I also find privacy warrior claims rather, lets say, Joker-level anarchistic about rule of law. Everyone should have end-to-end encrypted messaging and the government should be locked out of private spaces no matter what.

The steelman for this being "if technology is basically just telepathy, why should "because it's technically possible" ever be a valid argument for society to have any right to monitor the contents of the communication"? The strongest right is one you can guarantee personally, after all.

In no other domain do we accept a claim like "this dungeon in my house is off limits even to detectives with a court order because it is my private property"

We have at least 2; attorney-client, and religious priest-confessor.

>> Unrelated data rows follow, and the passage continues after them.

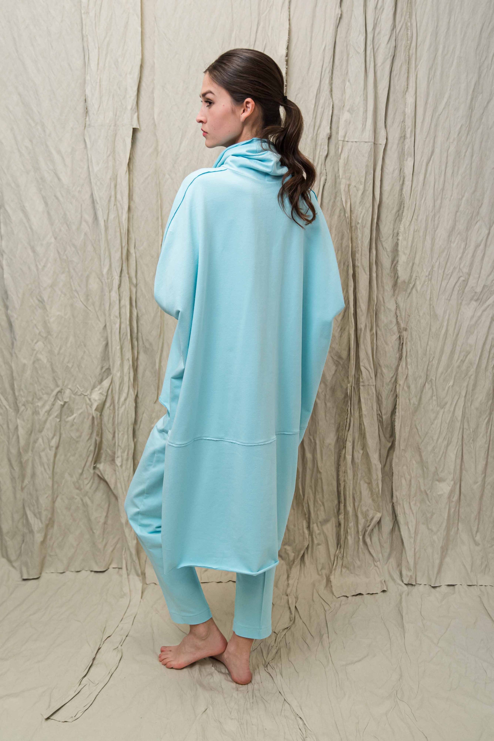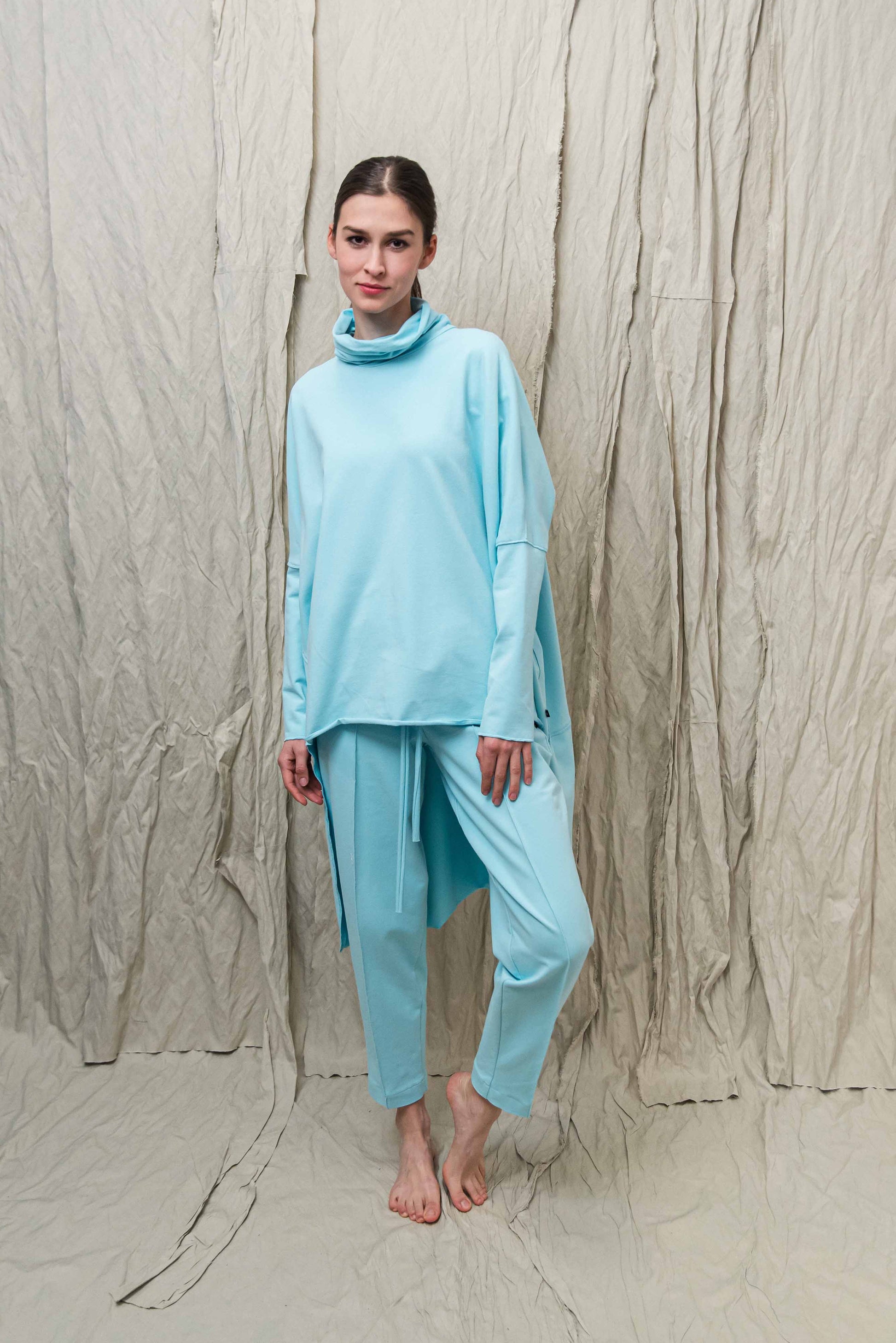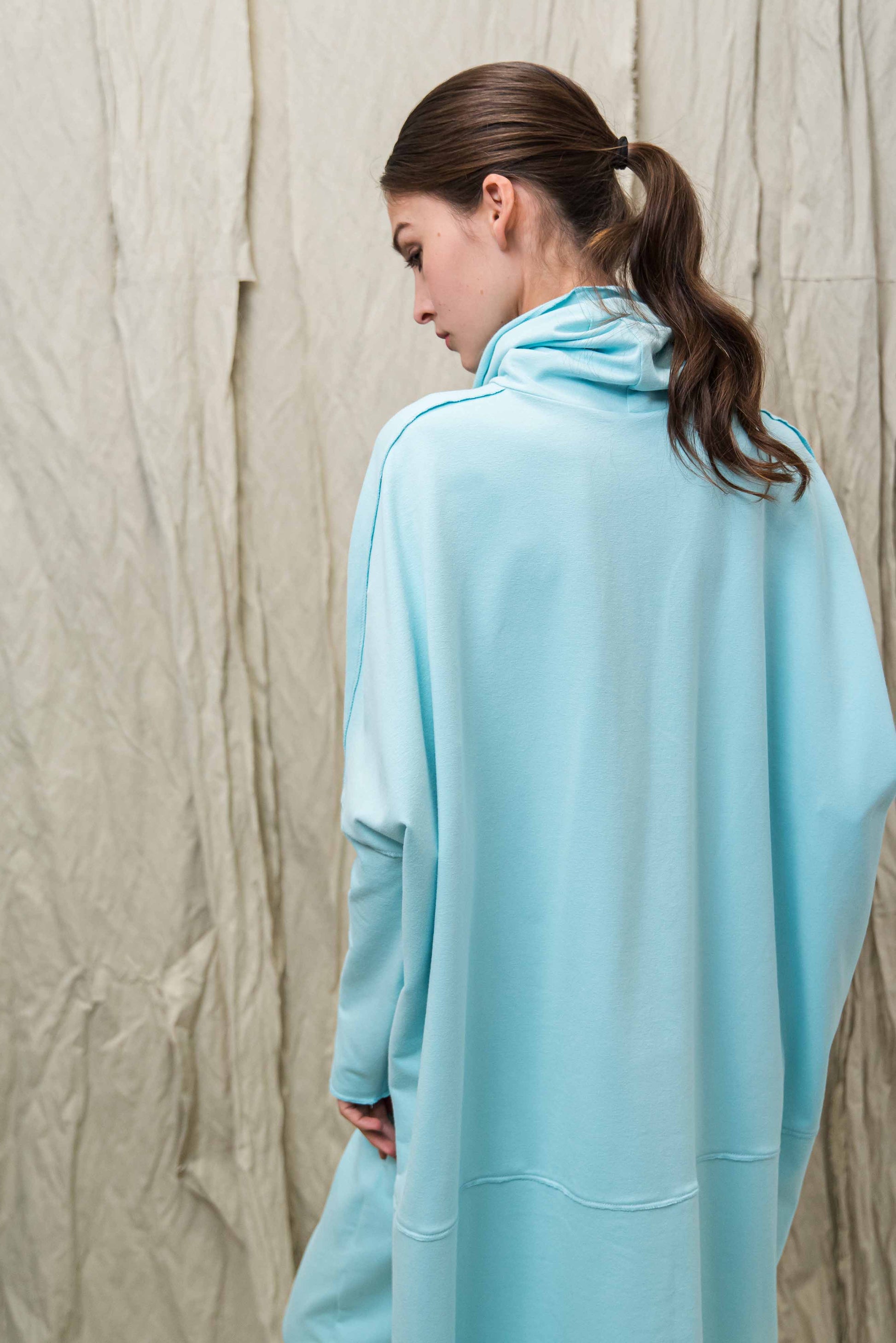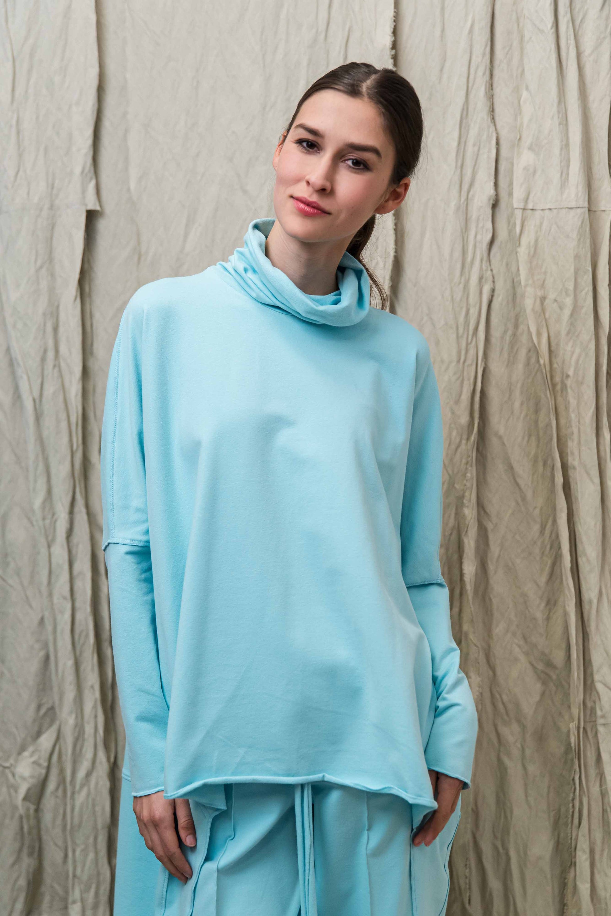 > A SATO pulóver a tudatos kényelem és a karakteres minimalizmus találkozása: egy darab, amelyben egyszerre lehetsz szabad és határozott. Oversize szabásvonala, elöl rövidebb, hátul hosszabb kialakítása modern, rétegezhető sziluettet ad, miközben természetes mozgásteret biztosít a mindennapokban. A lágy esésű, bőrbarát pamut alapanyag fenntartható választás, amely hosszú távon is megőrzi formáját és minőségét. A lockolt, nyers hatású anyagszélek puritán őszinteséget kölcsönöznek a fazonnak – ez a tudatosan vállalt egyszerűség adja nagyvonalú, könnyed karakterét. Garbós nyakmegoldása véd és ölel, mégsem nehezít, így átmeneti időszakban és hűvösebb napokon is ideális társ. Leggingsszel vagy szűkebb nadrággal harmonikus arányokat teremt, megoldást kínálva a „kényelmes, de mégis rendezett” öltözködés dilemmájára. Ha olyan időtálló, letisztult darabot keresel, amely nem követ trendeket, hanem saját stílust képvisel, a SATO pulóver a gardróbod stabil alapja lesz.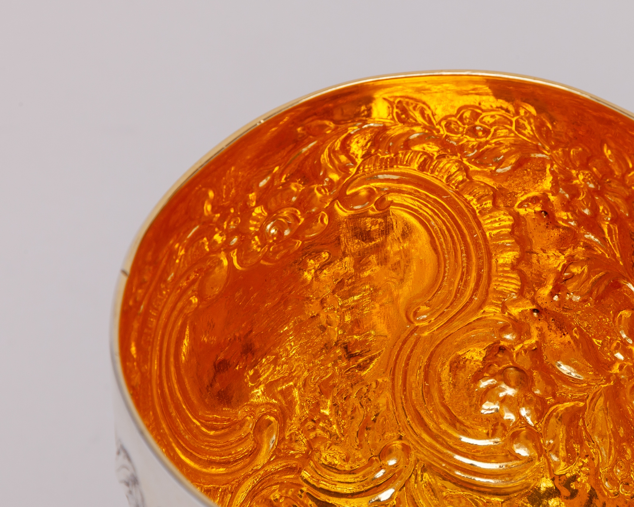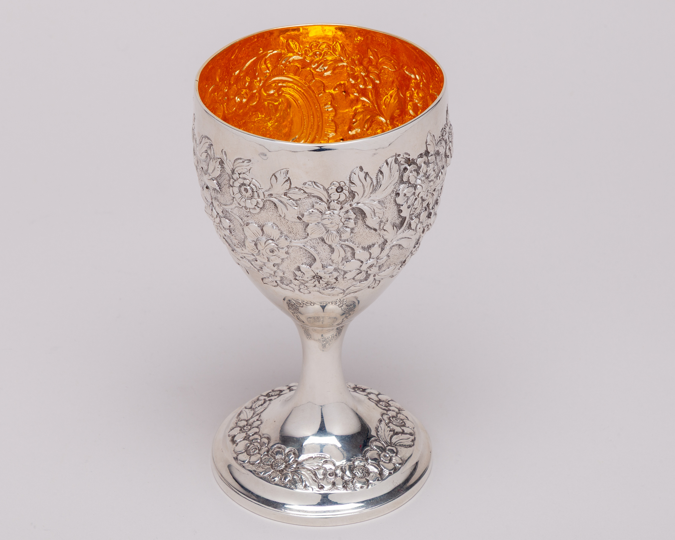 in the form of a silver goblet, gilt interior, hallmarks partially obscured by added weight to the base, inscribed CURRAGH DIVISION RACES, 1st FLAT RACE, 18th ROYAL IRISH, JULY 1st 1857, also with the winning rider's name, partially rubbed, possibly Pocklington, 16cm., weight 354gr.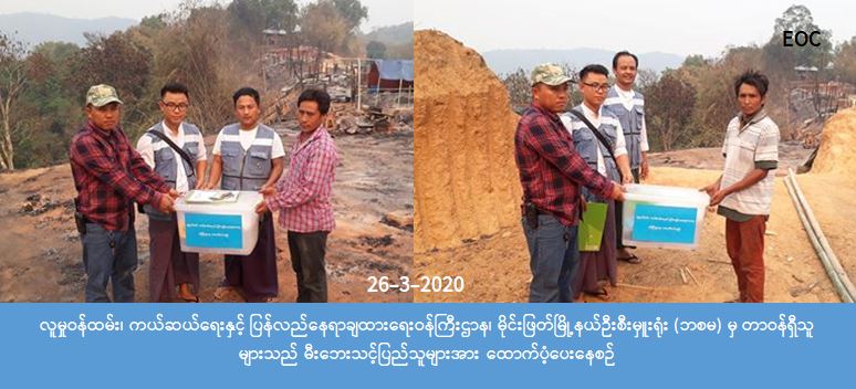 လူမှုဝန်ထမ်း၊ ကယ်ဆယ်ရေးနှင့် ပြန်လည်နေရာချထားရေးဝန်ကြီးဌာန၊ ဘေးအန္တရာယ်ဆိုင်ရာ စီမံ ခန့်ခွဲမှုဦးစီးဌာန၊ မိုင်းဖြတ်မြို့နယ် ဦးစီးမှူးရုံးမှတာဝန်ရှိသူများသည် (၂၅-၃-၂၀၂၀)ရက်နေ့၊ (၁၄:၁၅) နာရီ အချိန်တွင် တာချီလိတ်ခရိုင်၊ မိုင်းဖြတ်မြို့နယ်၊ နမ့်ယွန်းအုပ်စု၊ မက်မွန်ကျယ်ကျေးရွာ၌ ဖြစ်ပွားခဲ့သော မီးဘေးကြောင့် နေအိမ်(၁၈)လုံး၊ အိမ်ထောင်စု (၁၈) စုမှ လူဦးရေ (၉၈) ဦးမီးဘေးသင့်ခဲ့ရာ အဆိုပါ ဘေးသင့်အိမ်ထောင်စု (၁၈) စုမှပျဉ်ထောင်၊ သွပ်မိုးနေအိမ် (၁၀) လုံးအတွက် အိမ်ဆောက်ပစ္စည်းဖိုး ထောက်ပံ့ငွေ (၂၀၀၀,၀၀၀) ကျပ်နှင့် သက်ကယ်မိုး၊ ထရံကာနေအိမ်(၈)လုံးအတွက် အိမ်ဆောက်ပစ္စည်း ဖိုးထောက်ပံ့ငွေ (၈၀၀,၀၀၀)ကျပ်၊ ဘေးသင့်လူဦးရေ(၉၈) ဦးအတွက်ဆန်ရိက္ခာ (၇) ရက်စာဖိုး ထောက်ပံ့ ငွေ (၂၀၅,၈၀၀) ကျပ်၊ စုစုပေါင်းထောက်ပံ့ငွေ (၃၀၀၅,၈၀၀)ကျပ်နှင့် ကယ်ဆယ်ရေးပစ္စည်း (၂၂) မျိုး (၁၈) အိမ်ထောင်စုစာတို့ကို (၂၆-၃-၂၀၂၀) ရက်နေ့၊ (၁၅:၀၀) နာရီအချိန်တွင် မြို့နယ်ပြန်ဆက်ဦးစီး ဌာန၊ အုပ်စုအုပ်ချုပ်ရေးမှူး၊ အုပ်စုရပ်ကျေးစာရေးတို့နှင့်အတူသွားရောက်၍ ပြည်သူ့လက်ဝယ် အရောက် ထောက်ပံ့ပေးခဲ့ကြောင်း သိရှိရပါသည်။

this digital cache of self-produced child pornography is something we can take to our graves regardless of any legitimate pursuit of justice.

We throw, and threaten to throw, teenagers in jail all the time over this. It is probably good that they take steps to defend themselves if they're going to engage in this activity to avoid the current environment of societal overreaction; the entire point of "rights" is to limit the damage society can do when (not if) it overreacts (the flip side of the coin being "ticking time bomb plots", but I'm willing to trade the lives lost in those for the ones saved due to them not committing suicide any more over this).

The level of hostility towards government here surpasses any of government's responsibility to protect its citizenry.

The overwhelming majority of murders worldwide in the 20th century were perpetrated in an organized fashion by governments targeting their own citizens (organized mobs using simple demographic criteria make up most of the rest); the impulse to make one a harder target against those is only natural. Proponents of this approach can point to things like census records being burned to stop an angry invading force from determining which people were going to the concentration camps and which were not. The Germans are well-acquainted with this; being that they have committed the overwhelming majority of murder on the European continent in the last 100 years probably has something to do with that.

The fact that privacy fretting appears to primarily afflict men (with notable exceptions like Naomi Brockwell) suggests that there must be something autistic about it.

While there are a variety of reasons why this is true, men are murdered more often than women; I don't think it's more complex than that.